Stored data entries:
§ §

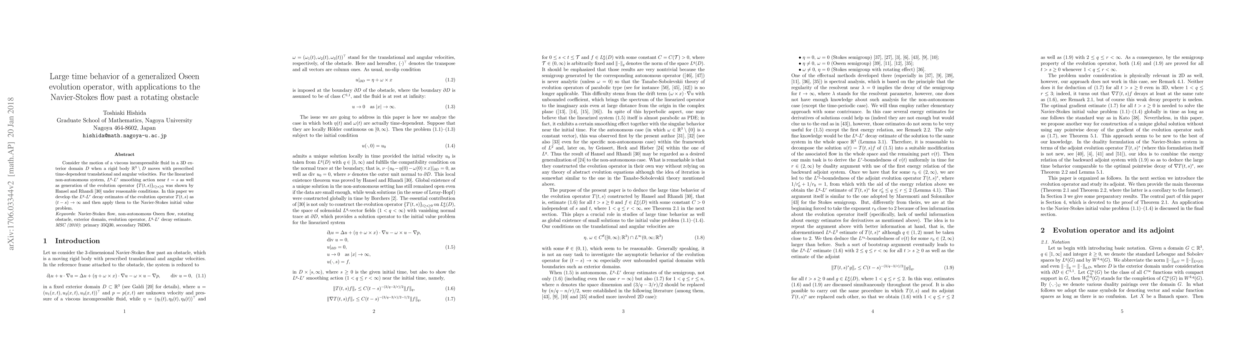 This paper investigates the long-term behavior of a generalized Oseen evolution operator for viscous incompressible fluid flow around a rotating obstacle. It establishes $L^q$-$L^r$ decay estimates for the evolution operator and applies these results to analyze the Navier-Stokes flow past a moving rigid body.
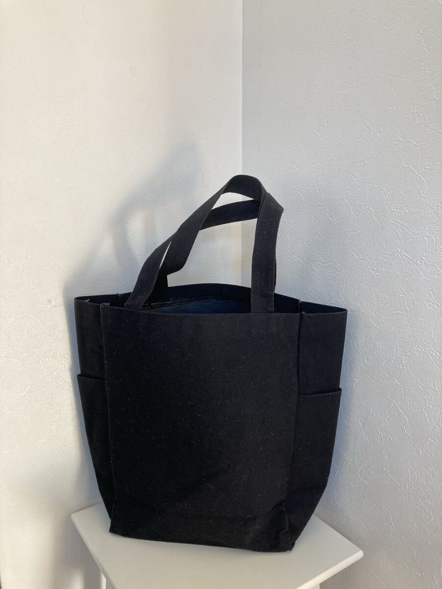 サイズ 黒 36×43㎝ まち14㎝ 両サイドポケット付き 内側ポケット付き
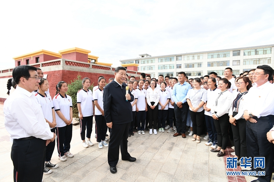 习近平在张掖市山丹培黎学校同师生亲切交流。
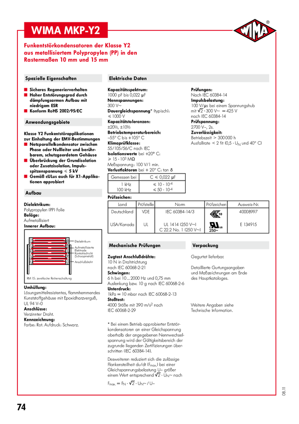 Wima MPY20W2100FC00MSSD-1 Kondensator przeciwzakłóceniowy MP3-Y2 radialny THD 0.01 µF 250 V/AC 20 % 1 szt.
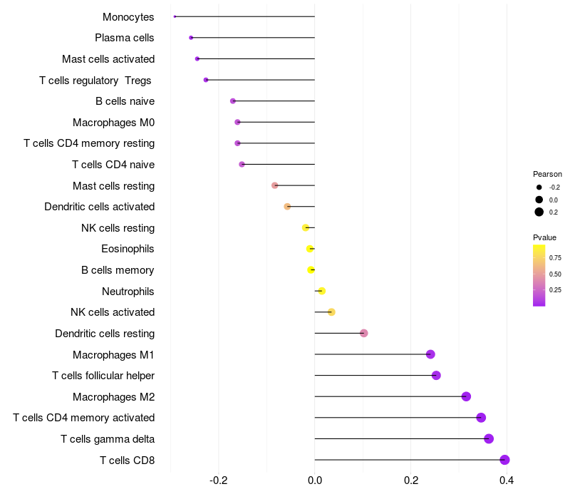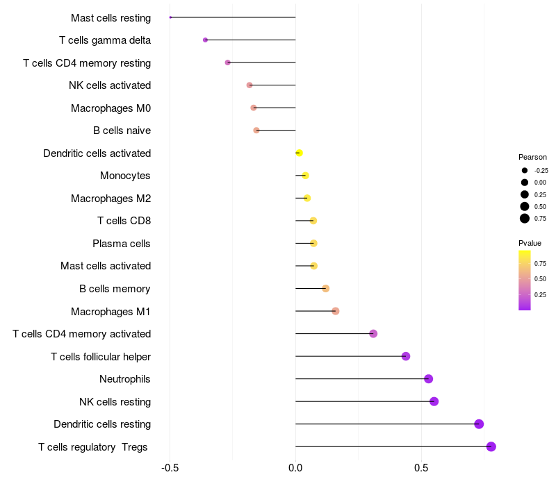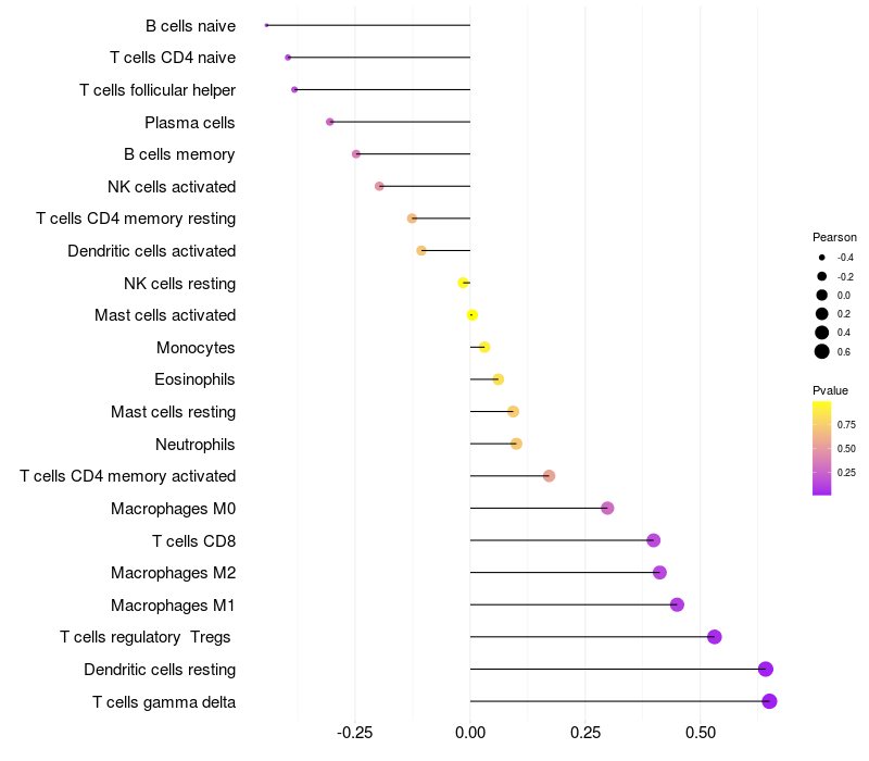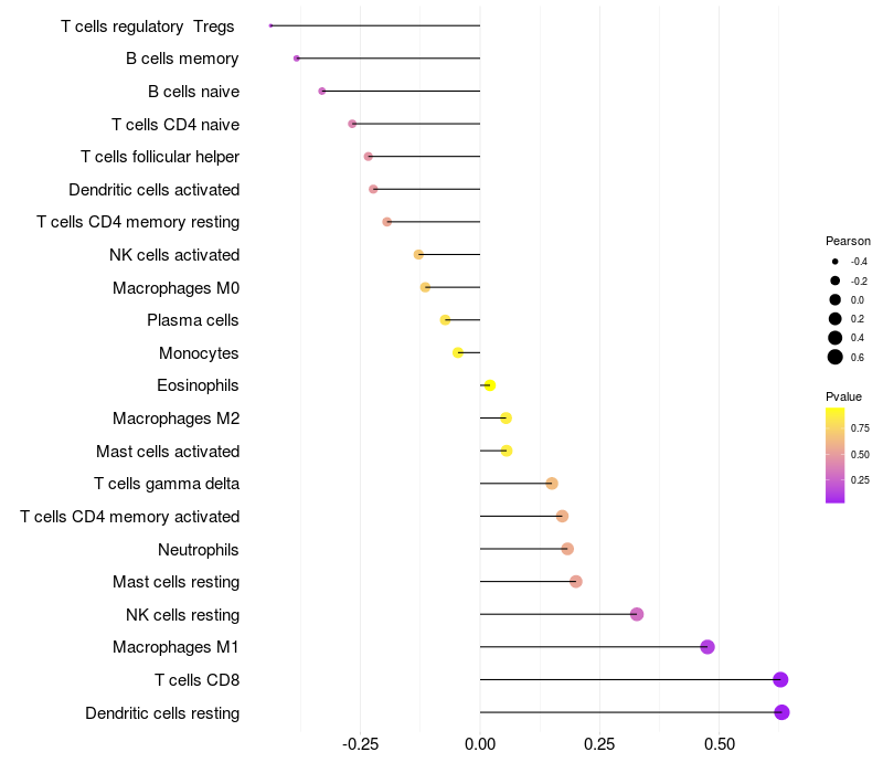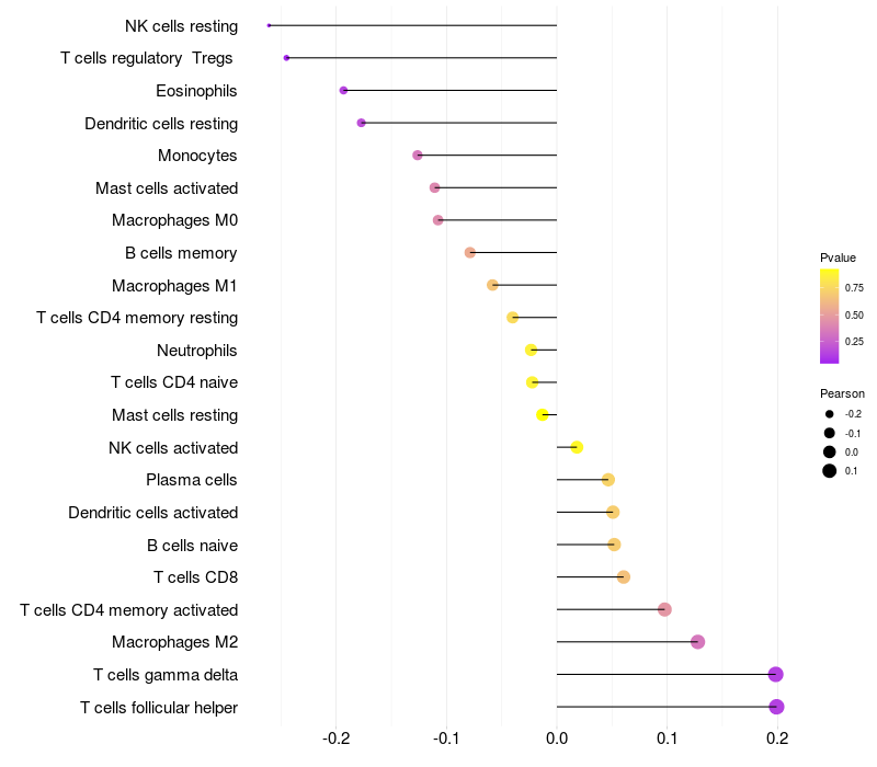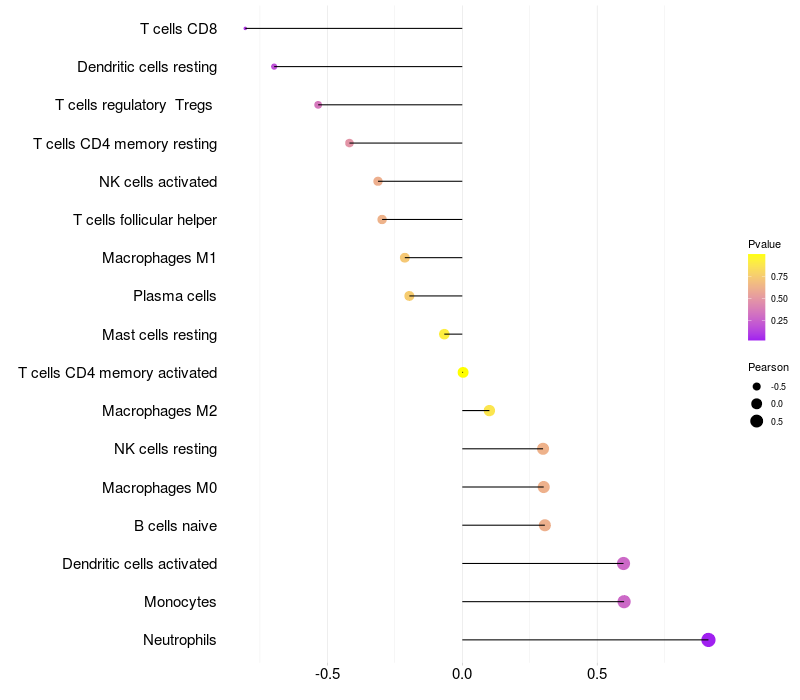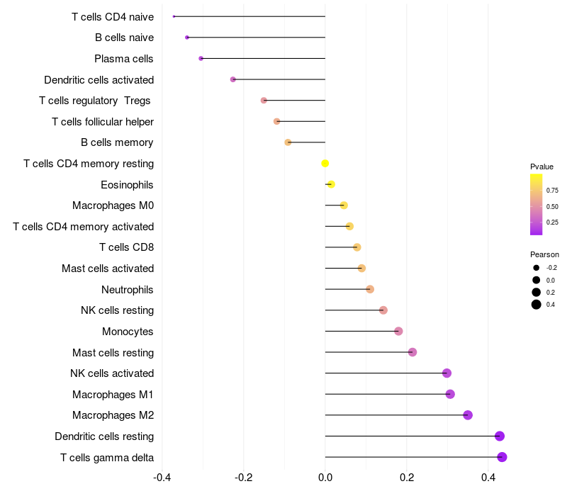 Lollipop of CAPG expression and immune infiltrating cell level correlation result in HPV+ samples
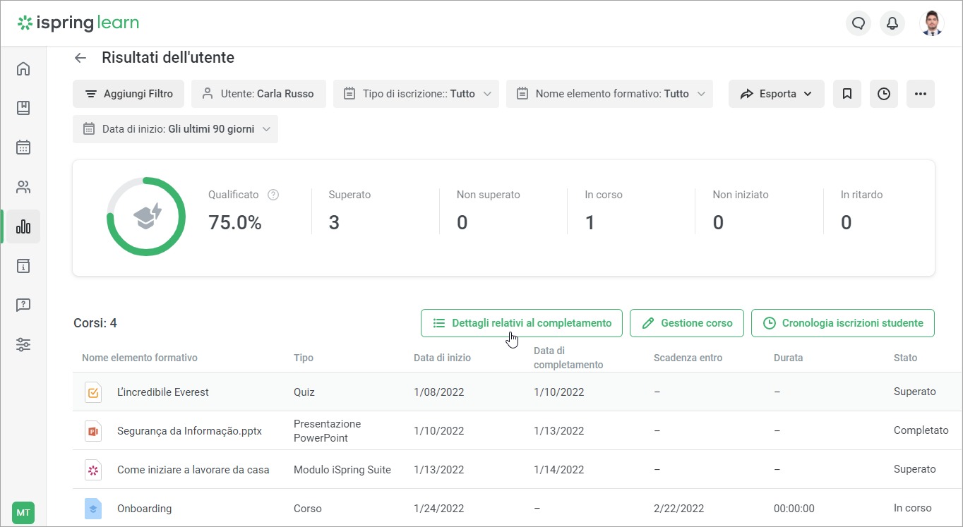 Se un quiz, dialogo o sondaggio è incluso in un corso, prima vai al report Dettagli del corso. Poi, seleziona il contenuto necessario e fai clic su Dettagli di relativi al completamento. - Si aprirà un report con i risultati di completamento. Qui visualizzerai tutti i tentativi per superare il quiz, dialogo o sondaggio e il numero di punti ottenuti, il punteggio minimo e la data di completamento.
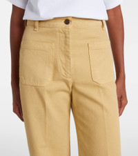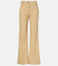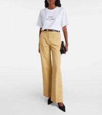 Victoria Beckham's eponymous label centers around chic, understated styles. The Alina jeans are made from pure cotton denim and have a high-rise silhouette with subtly flared legs. Product Details - Material: 100% cotton - Care instructions: machine wash at 30 degrees - Made in Italy - Designer color name: Butter Yellow Garment Dye - Item color: beige - Details: 100% leather - Contains non-textile parts of animal origin - Closure: zipper fly, button fastening - Pockets: patch pockets, back pockets - Belt loops - Item number: P01091625 Size & Fit - Fits small to size - we recommend trying one size larger - Non-stretchy fabric - Wide-leg - High-rise - The model seen in the picture is 178cm-5'10" and wearing a size 27
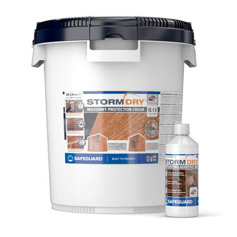 Stormdry Masonry Waterproofing Cream is a deeply penetrating water-repellent silicone sealer designed for the protection of exterior masonry. This thick, white cream is ready to use and can be applied by brush, roller or airless spray. It penetrates deeply into brickwork, masonry, mortar and concrete, curing to a colourless, natural finish that lasts over 25 years. Stormdry Cream serves as an effective brick sealer and masonry sealer, providing excellent brick waterproofing and enhancing the energy efficiency of your home by reducing heat loss through walls.
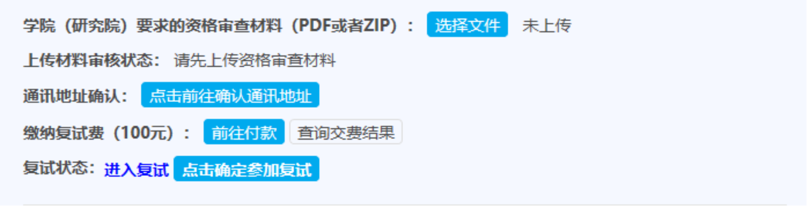 所有进入复试的考生均须在学院规定的时间内,通过我校研究生招生管理信息系统(http://gmss.dgshinko.com/logon)选择“硕士研究生复试录取”栏目完成“复试确认(资格审查材料上传、缴费)”、“意向导师选择”。
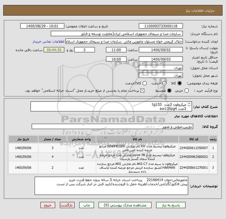 نام دستگاه خریدار: سازمان صدا و سیمای جمهوری اسلامی ایران(معاونت توسعه و فناور

§ §

WHAT THE TASK ASKS:
Skip the pictures and print each record exactly as it stands.

EXERCISE RESPONSE:
 This paper investigates the long-term behavior of a generalized Oseen evolution operator for viscous incompressible fluid flow around a rotating obstacle. It establishes $L^q$-$L^r$ decay estimates for the evolution operator and applies these results to analyze the Navier-Stokes flow past a moving rigid body.
 サイズ 黒 36×43㎝ まち14㎝ 両サイドポケット付き 内側ポケット付き
 习近平在张掖市山丹培黎学校同师生亲切交流。
 Wima MPY20W2100FC00MSSD-1 Kondensator przeciwzakłóceniowy MP3-Y2 radialny THD 0.01 µF 250 V/AC 20 % 1 szt.
 Lollipop of CAPG expression and immune infiltrating cell level correlation result in HPV+ samples
 Se un quiz, dialogo o sondaggio è incluso in un corso, prima vai al report Dettagli del corso. Poi, seleziona il contenuto necessario e fai clic su Dettagli di relativi al completamento. - Si aprirà un report con i risultati di completamento. Qui visualizzerai tutti i tentativi per superare il quiz, dialogo o sondaggio e il numero di punti ottenuti, il punteggio minimo e la data di completamento.
 Victoria Beckham's eponymous label centers around chic, understated styles. The Alina jeans are made from pure cotton denim and have a high-rise silhouette with subtly flared legs. Product Details - Material: 100% cotton - Care instructions: machine wash at 30 degrees - Made in Italy - Designer color name: Butter Yellow Garment Dye - Item color: beige - Details: 100% leather - Contains non-textile parts of animal origin - Closure: zipper fly, button fastening - Pockets: patch pockets, back pockets - Belt loops - Item number: P01091625 Size & Fit - Fits small to size - we recommend trying one size larger - Non-stretchy fabric - Wide-leg - High-rise - The model seen in the picture is 178cm-5'10" and wearing a size 27
 Stormdry Masonry Waterproofing Cream is a deeply penetrating water-repellent silicone sealer designed for the protection of exterior masonry. This thick, white cream is ready to use and can be applied by brush, roller or airless spray. It penetrates deeply into brickwork, masonry, mortar and concrete, curing to a colourless, natural finish that lasts over 25 years. Stormdry Cream serves as an effective brick sealer and masonry sealer, providing excellent brick waterproofing and enhancing the energy efficiency of your home by reducing heat loss through walls.
 所有进入复试的考生均须在学院规定的时间内,通过我校研究生招生管理信息系统(http://gmss.dgshinko.com/logon)选择“硕士研究生复试录取”栏目完成“复试确认(资格审查材料上传、缴费)”、“意向导师选择”。
 نام دستگاه خریدار: سازمان صدا و سیمای جمهوری اسلامی ایران(معاونت توسعه و فناور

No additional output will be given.